In the first quarter of 2019, Netflix added a net 1.74 million streaming customers in the U.S., to reach 60.2 million paid subs. But in part because of a price hike for all customers that it rolled out in the first half of the year, the company projected 300,000 U.S. net adds in Q2 (versus 870,000 in the year-earlier quarter). PwC noted that domestic subscribers accounted for just one in seven of Netflix’s new subscribers in Q1.

Netflix has consistently told Wall Street that it believes it can grow its streaming service to 60 million-90 million members in the U.S., so it’s now in that range. While it has considerable runway internationally — JP Morgan, for one, has projected that Netflix will top 200 million global paid subscribers by 2021 — it might be nearing its ceiling in the States.

“The first-mover advantage in streaming video that Netflix has capitalized on to date continues to be eroded, as the industry begins to fragment, with more and more companies entering the market, from pay-TV heavyweights to specialized, niche players,” PwC said in the report.

Overall, U.S. subscription VOD revenue stood at $10 billion in 2018, projected to increase at a 12.3% compound annual growth rate (CAGR) to $17.8 billion in 2023, according to PwC’s latest forecast. But the year-on-year rate of growth of SVOD revenue in the United States will decline markedly, more than halving from 19.1% in 2018 to 9.7% in 2023, as the world’s biggest market slows considerably as it moves toward maturity.

Against that backdrop, Netflix is about to see a new set of deep-pocketed rivals, adding to its existing set of competitors like Amazon Prime Video, HBO Now and Hulu.

Disney Plus, priced at $7 per month — almost half of Netflix’s standard plan at $13 — is set to debut in the U.S. in November. The Disney streaming service will have one-fifth the content lineup of Netflix out of the gate but will feature higher-rated titles, including Star Wars movies and films from Disney, Marvel and Pixar. Disney Plus also will include “The Simpsons” and other TV shows, and a slate of original series.
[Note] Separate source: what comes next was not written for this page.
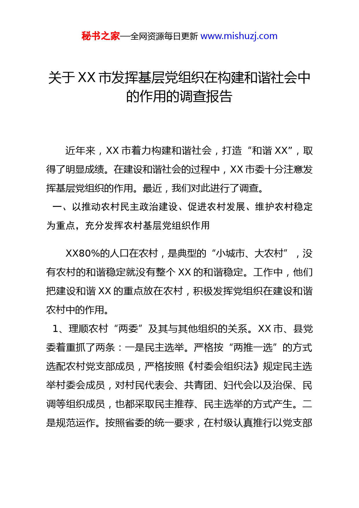 秘书之家—全网资源每日更新www.mishuzj.com关于XX市发挥基层党组织在构建和谐社会中的作用的调查报告近年来,XX市着力构建和谐社会,打造“和谐XX”,取得了明显成绩。在建设和谐社会的过程中,XX市委十分注意发挥基层党组织的作用。最近,我们对此进行了调查。一、以推动农村民主政治建设、促进农村发展、维护农村稳定为重点,充分发挥农村基层党组织作用XX80%的人口在农村,是典型的“小城市、大农村”,没有农村的和谐稳定就没有整个XX的和谐稳定。工作中,他们把建设和谐XX的重点放在农村,积极发挥党组织在建设和谐农村中的作用。1、理顺农村“两委”及其与其他组织的关系。XX市、县党委着重抓了两条:一是民主选举。严格按“两推一选”的方式选配农村党支部成员,严格按照《村委会组织法》规定民主选举村委会成员,对村民代表会、共青团、妇代会以及治保、民调等组织成员,也都采取民主推荐、民主选举的方式产生。二是规范运作。按照省委的统一要求,在村级认真推行以党支部秘书之家—全网资源每日更新www.mishuzj.com领导下的村民自治运行机制和支部工作规范化、村民自治法制化、民主监督程序化为主要内容的“一制三化”工作机制,并将这一机制细化为若干项制度和准则,从制度上消除产生矛盾的土壤。2、以民主议事日活动为载体,畅通农民群众权利诉求和利益表达渠道。2018年以来,他们坚持把每个季度第一个月的10日作为民主议事日,界时,全市所有村街同时举行民主议事活动,市、县、乡三级干部直接到村,与党支部、村委会成员和村民代表一起,共同讨论本村发展、建设的重大事项以及干部作风、土地管理等热点问题,共谋农村的改革、发展、稳定。在2019年的一次民主议事日上,回族群众聚居的XX区XX村村民建议,利用民族优势发展养牛业。参加活动的市、区领导回去后多方联系,帮助他们引进了中国农科院高科技农业技术园区项目,依托园区发展起奶牛养殖小区,并与XX集团达成订单生产协议,使村民年人均收入增长到XXXX元。同时,市委要求农村党支部成员每半年进行一次述职和接受质询活动,村务公开内容由13项增加到20项,强化群众监督力度。3、建立矛盾纠纷调处机制,切实维护农村稳定。稳定是构建和谐社会的基础和前提。他们抓住影响农村稳定的突出问题,建立健全经常性的矛盾纠纷排查调处机制,在市委一季一调度、秘书之家—全网资源每日更新www.mishuzj.com县委一月一排查的基础上,乡、村两级党组织实行了重点矛盾纠纷隐患集中办理、半月点评制度,乡镇党委坚持半月一排查,村街党支部随时发现和解决影响稳定的问题。全市XX个乡镇党委全部配备了抓社会治安综合治理的副职,村村建立了治保会、调委会,村级调解员有X万多名,并发展“十户调解员”、纠纷信息员、企业调解员X万余名。同时,积极探索从根本上消除矛盾纠纷的工作机制。XX县针对村干部办事不公、财务不清这两个矛盾焦点,建立了农村主事、办事、花钱“三权分离”机制,由村干部在发扬民主的基础上决定重要事项,村民办事小组负责落实、办理,村民理财小组负责经费支出。该县XX村投资修建全长XXXX多米、宽7米的水泥进村公路,由于实行了“三权分离”,这项耗资百万元的工程没有引起村民任何猜疑。基层党组织卓有成效的工作保证了XX的稳定,群众对社会治安的满意率达到XX%。4、建立对困难群众的经常性救助机制,保证全体社会成员共享“三个文明”建设成果。任何一个地方都会有一些经济困难和鳏寡孤独、老弱病残的群众,农村困难群众尤其需要帮助。对此,XX各级党组织给予高度重视,把搞好对他们的救助作为建设“和谐XX”的重要环节来抓。全市村级党组织积极开展党员“双带”活动。XX区XX村党支部组织每名党员帮扶一户群秘书之家—全网资源每日更新www.mishuzj.com众,养羊能手、女党员XXX先后帮助X户群众致富。对特殊困难群众,作为重点予以救助,仅2020年乡、村两级就筹措资金近XXX万元,对X万余户、XXX多人进行救助。同时,把逢年过节市、县、乡三级“送温暖”慰问活动制度化。今年春节前,筹措慰问品、慰问金XXX多万元,慰问了X万个家庭。5、提高农村党员、群众思想文化素质。经济快速发展,需要人的素质相应跟进;只有实现人的全面发展,才有和谐可言。他们在大力发展教育事业,狠抓农村党员和入党积极分子培训,几年来,举办农村干部、党员政治理论和专业技术培训班XXXX余期,培训XX余万人次。XX县XX村党总支下设种养业、经商办企业和老党员X个党支部。种养业党支部先后X次组织党员学习种植养殖、农业结构调整、动植物疾病防治等方面的知识,经商办企业人员党支部定期组织党员学习企业管理和市场经济知识,到外地知名企业参观。同时,他们努力以干部、党员素质的提高带动农民素质的全面提升,XXX屯村党支部在农业部乡镇企业学院举办了全省第一家村级经济管理大专班,组织本村知识青年、企业管理人员和村干部入学深造。二、以表达社会关爱、实现各方协调为重点,充分发挥街道社区党组织作用秘书之家—全网资源每日更新www.mishuzj.com在近10余年时间里,XX市区人口由XX多万猛增到XX多万各县(市)城区和城镇人口也迅速聚集。面对日益加快的城市化进程,市委高度重视加强街道社区党的建设,通过创建“平安社区”、
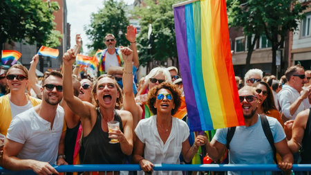 Happy people at a pride parade celebrating diversity

WarnerMedia is gearing up its SVOD entrée with a beta launch in Q4, anchored around HBO, Warner Bros. and Turner programming. Comcast’s NBCUniversal is set to launch a streaming service in 2020 (free to pay-TV customers and for a free to others). Then there’s Apple, the biggest tech company in the world, which is shooting for a fall launch of Apple TV Plus, with originals from the likes of Steven Spielberg, Jennifer Aniston, Reese Witherspoon, Kumail Nanjiani and Oprah.

Netflix has downplayed the competitive threat posed by new entrants. It’s still more than twice as big in the U.S. alone than Hulu, which last month reported 26.8 million paid subscribers. “There’s a ton of competition out there and Disney and Apple add a little bit more, but frankly I doubt it will be material, because again there’s already so many competitors for entertainment time,” CEO Reed Hastings said on the company’s Q1 earnings interview.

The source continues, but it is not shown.